Look at the replies to the original tweet, it's all as you say completely manufactured outrage. Perpetually-online wannabe influencers with 70 followers talking about how it's "problematic." Maybe it has to do with Big Tech, I don't know but that sounds like it could be it.
I am personally refreshed reading through the comments here and seeing a nuanced, rational response to the ad rather than the manufactured outrage you mentioned.
Lazy journalism is to blame here, as always. Newsrooms have been purged of any talent over the last decade and the only people left are the same "perpetually-online wannabe influencers" you talk about, trawling Twitter for easy stories and rage-clicks. Nobody would have heard or cared about this ad if formerly esteemed publications like NYT weren't running lazy stories about it.
I wasn't outraged, I was disappointed. No manufacturing needed.

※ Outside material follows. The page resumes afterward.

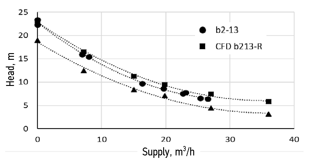 Рис. 5. Характеристики насоса с дисковым рабочим колесом шириной 13 мм: экспериментальная (b2-13), расчётные с учётом шероховатости (CFD b213-R) и без (CFD b213).

"Let's take dozens of objects people enjoy, put them in to a gray featureless factory under a gray featureless industrial press, destroy them in a splash of color, and replace them with a bland featureless grey slab no one really asked for"
And that was my reaction as a loooong-time Apple user.

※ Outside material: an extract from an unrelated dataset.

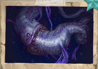 巨大なウロボロスウナギは、生命の気配がないアビスの海溝に単独で佇み、自身の尾を際限なく食らうことで生命を維持している… なんと不可解な生命体だ。その存在を説明できる唯一の仮説は、自身の組織を再生するのに必要なエネルギーよりも、それを消化することで得られるエネルギーの方が多い (おそらくそれは稀な変異なのだろうか?) ということだが… それは全くもって常軌を逸している!このプロセスにはいつか終わりが来るはずではないのか?もしかしたら、私は何かを見落としているのかもしれない… |

I understand the intent. The execution is abysmal.
I disliked the ad. I wasn’t outraged. I take a nuanced view that it was a piece of creative poised to be an impressive addition to Apple’s advertising laurels that missed the mark because its creators failed to account for a growing cultural unease.
Outrage is profitable, it drives engagement, and encouraged by these platforms algorithms. And when everyone sees so much outrage all the time, it normalizes it on the platform so even if you're not seeking income from it, that's the default stance.
Regardless, it's absolutely ridiculous.